A meta-analysis, which included discovery and replication samples, confirmed that ten bacterial genera were significantly correlated with AD [73]. Among these, four genera were significantly associated with the APOE rs429358 risk allele, either as protective or risk factors for AD. Importantly, the pro-inflammatory genus Collinsella, identified as a risk factor for AD, exhibited a positive correlation with the APOE rs429358 risk allele across both sample sets. These findings indicate that the influence of host genetic factors on the abundance of these ten genera is significantly correlated with AD, suggesting that these genera could serve as potential biomarkers and therapeutic targets for the disease [73]. Another recent meta-analysis showed that, at the phylum level, the relative abundance of Firmicutes was significantly lower in AD patients compared to healthy controls [74]. Conversely, the relative abundance of Bacteroidetes was significantly higher in patients with MCI than in healthy controls [74]. Collectively, these findings highlight gut microbiota abnormalities associated with AD.

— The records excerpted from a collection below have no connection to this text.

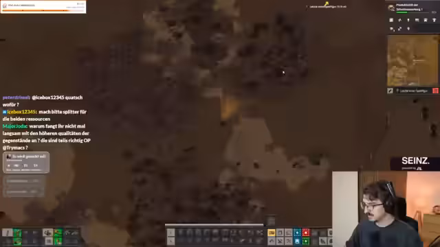 13:54:20Es wird erörtert, wie die Eisenproduktion wiederhergestellt werden kann, um Stahl, Geschütze und Raketen herzustellen. Ein Problem ist, dass die Yumaku-Bären nicht abgeholt werden, was die Produktion behindert. Es wird festgestellt, dass genügend Bären vorhanden sind, aber die Produktion nicht anläuft. Durch die Herstellung eines bestimmten Gegenstands wird die Produktion schließlich in Gang gesetzt. Der Streamer stellt fest, dass solange in einem bestimmten Bereich nichts abgebaut wird, dieser auch nicht angegriffen wird. Kupfer und Eisen werden wieder hergestellt, aber es droht ein erneuter Abbau. Es wird überlegt, Öl von Naufis zu holen, um die Produktion anzukurbeln. Die Ölvorkommen dort sind riesig, aber es muss auf die Verteidigung geachtet werden. Es wird überlegt, Tempomodule in die Ölminen einzusetzen, um die Förderung zu beschleunigen. Das Problem ist, dass kein Öl für Raketentreibstoff vorhanden ist, was den Einsatz von Artillerie verhindert. Es wird besprochen, welche Materialien für die Herstellung bestimmter Gegenstände benötigt werden, insbesondere Eisenplatten und grüne Schaltkreise. Ziel ist es, die Produktion für etwa 20 Minuten stabil laufen zu lassen, um genügend Ressourcen für die Herstellung von Geschützen zu haben.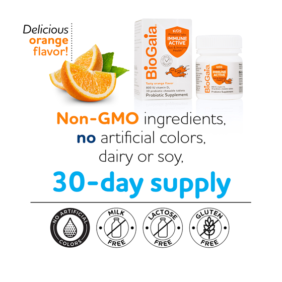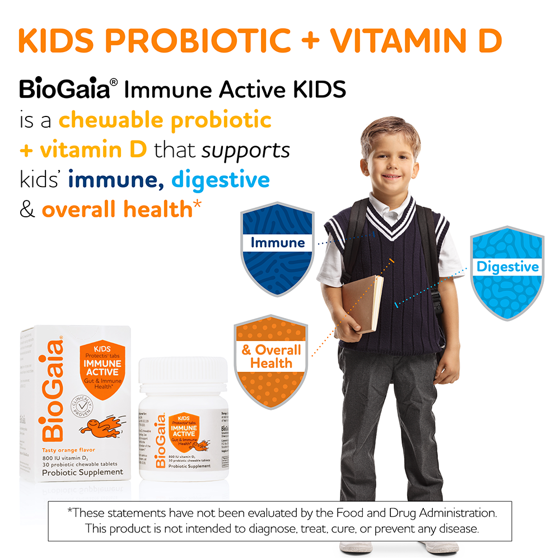 - KIDS PROBIOTIC + VITAMIN D: BioGaia Immune Active KIDS is a chewable probiotic + vitamin D that supports kids' immune, digestive, and overall health*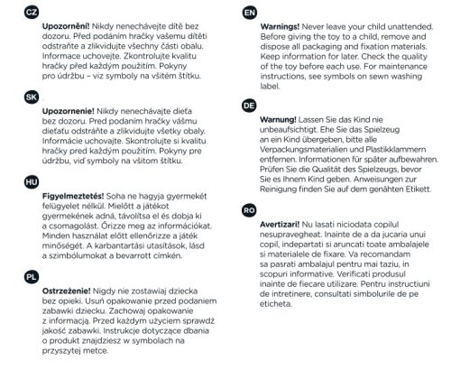 UPOZORNENIE! Nikdy nenechávajte dieťa bez dozoru. Pred podaním hračky vášmu dieťaťu odstráňte a zlikvidujte všetky obaly. Informácie uchovajte. Skontrolujte si kvalitu hračky pred každým použitím. Pokyny pre údržbu, viď symboly na všitom štítku.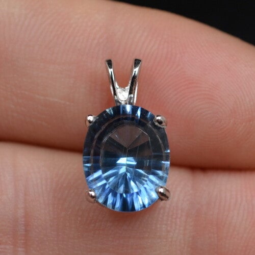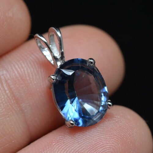 Stijlvolle zilveren hanger met een sprankelende Blauwe Topaas. De ovale steen is helderblauw van kleur en facet geslepen. Prachtige kwaliteit. Gesplitst hangeroog, prongsetting.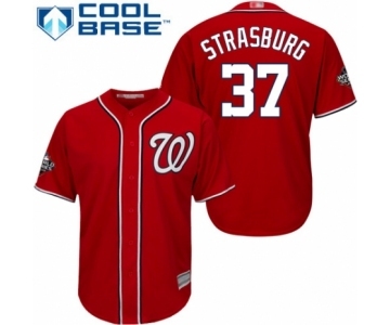 Men's Washington Nationals #37 Stephen Strasburg Replica Red Alternate 1 Cool Base 2019 World Series Bound Baseball Jersey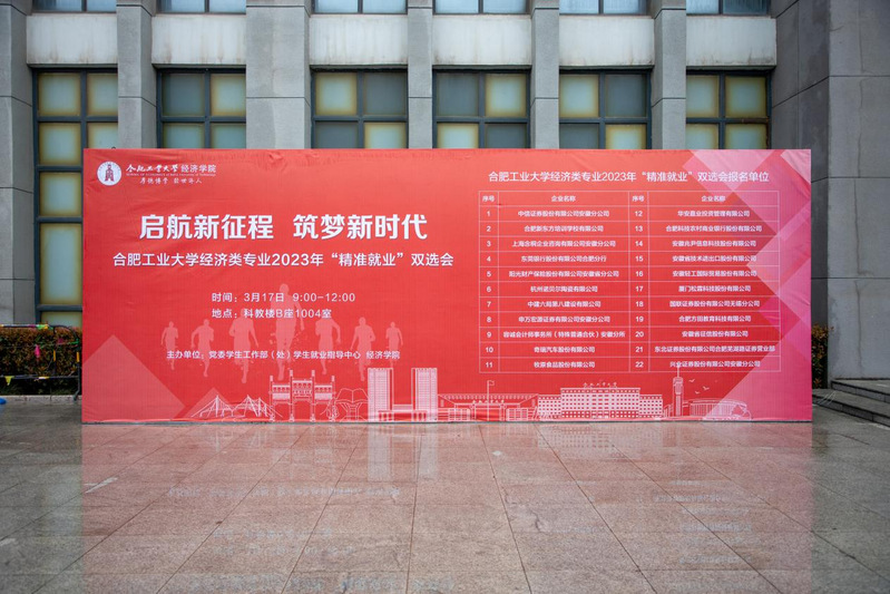 为深入学习贯彻党的二十大精神,落实党中央、国务院“稳就业”“保就业”决策部署,抢抓春招关键期、全力攻坚促就业,3月17日上午,qmh球盟会亚博网址在翡翠湖校区科教楼B座1004室举办了以“启航新征程,筑梦新时代”为主题的经济类专业“精准就业”双选会,合肥校区、宣城校区部分毕业生参加了本次双选会。

PD is a neurodegenerative disorder primarily characterized by motor symptoms, including tremors, rigidity, bradykinesia, and postural instability. Notably, a significant number of PD patients experience GI symptoms, such as constipation, well before the onset of motor symptoms. This suggests that alterations in gut motility could be linked to gut microbiota dysbiosis. A protein named α-synuclein accumulates in the brains of PD patients, forming aggregates termed Lewy bodies. Interestingly, these protein aggregates are also found in the enteric nervous system (the nerve of the gut). Current hypotheses suggest that pathologic α-synuclein may originate in the gut and subsequently migrate to the brain via the vagus nerve, thereby contributing to the pathology of PD [60, 71, 75,76,77,78].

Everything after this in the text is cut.